Important to searching of mathematical content are these two specific guiding principles of JSTOR:

The content should be represented faithfully, in both the page images, bibliographic information, and OCR'd text, as far as is possible.

JSTOR includes a great deal of important Mathematics literature (available in some large, multi-disciplinary collections, and a Mathematics and Statistics collection, see http://www.jstor.org/about/collection.list.html).

What I Need and Desire:

What I as a representative of JSTOR would most like to hear are things like:

"You could pay attention to this or that forum about these issues."

"You could provide this kind of functionality in searching."

"You need to have data representation of this kind."

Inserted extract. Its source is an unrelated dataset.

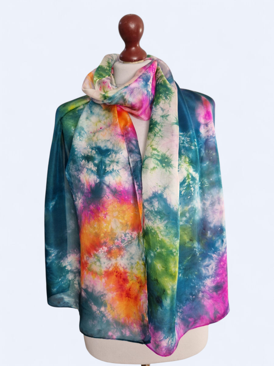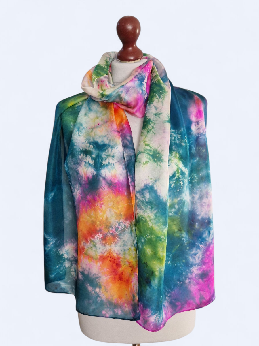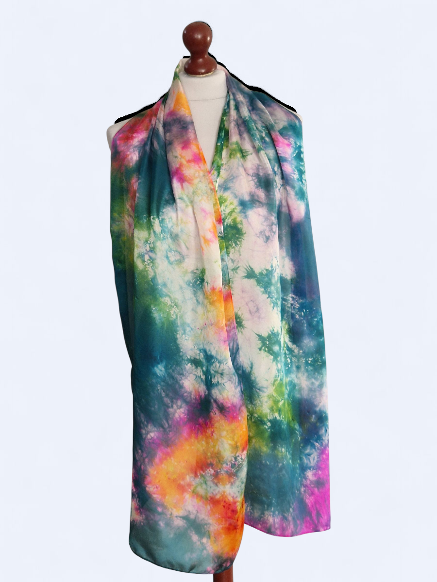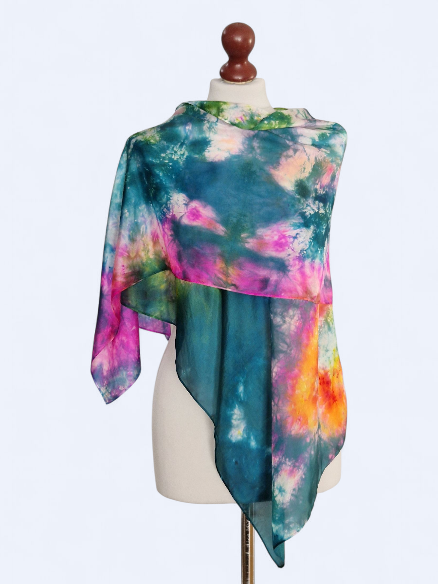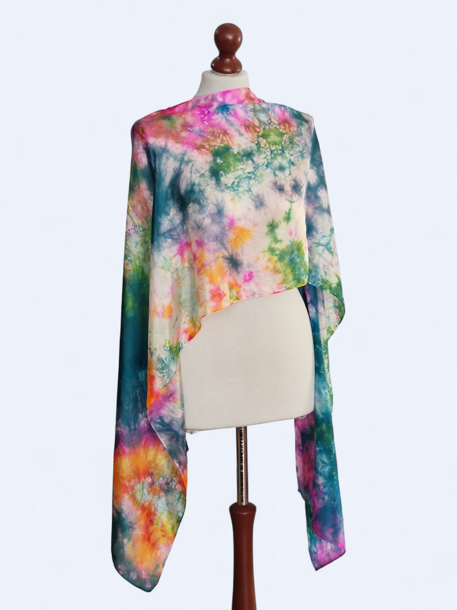 Szal jedwabny ręcznie robiony – wielokolorowy (delikatny i zwiewny)

"These are the benefits that users get when you have this functionality or that kind of data."

"Here are effort costs and drawbacks for these kinds of features."

With this kind of input colleagues and I at JSTOR can have a good discussion about what we could do better, which we can accomplish in what time frame, and what we should expect to become of those improvements.

What JSTOR Has Now:

Early in JSTOR's development (mid-1990's), we decided that, while the web browsers of the day wouldn't yet be much help to us in displaying marked-up data like TEX directly, we would have better options down the road.  We opted to try to encode TEX snippets in the bibliographic fields (title, author, abstract, keywords, titles and authors of reviewed works, captions of figures) anywhere that the character set we were using (ASCII-7 (long story)) could not represent characters or layout by itself.  For instance:

$^{4}$

$\rho$

$\Lambda =\Lambda (c;\Lambda _{0},R,\Delta G)$

$\int \int_S|f'(z)|^ 2 dx dy \leqslant \frac{1}{2}\int_{\partial S}\f'(z)|^2 \big(\frac{\partial g(z, t)}{\partial n_z}\big)^{-1} |dz|$

We knew that we at least wanted to preserve the information in question here for display to try to be a faithful representation.  At that time, we resolved to merely print the TEX snippets out to the user as-is; we did not have a way to display it more interestingly that didn't involve lots of little images to manage, or a browser plug-in (both of which strategies we've tended to steer away from on principle), but we believed that a better option would arise.  We would also merely feed the TEX snippets to our search engine as all other text was.  This means today, for the examples above, our search engine can see:

4

rho

Lambda Lambda c Lambda 0 R Delta G

int int S f z 2 dx dy leqslant frac 1 2 int partial S f z 2  big frac partial g z t partial n z big 1 dz

So if you're up on your TEX and feeling frisky, you can sort of search mathematical content in JSTOR.  Sort of.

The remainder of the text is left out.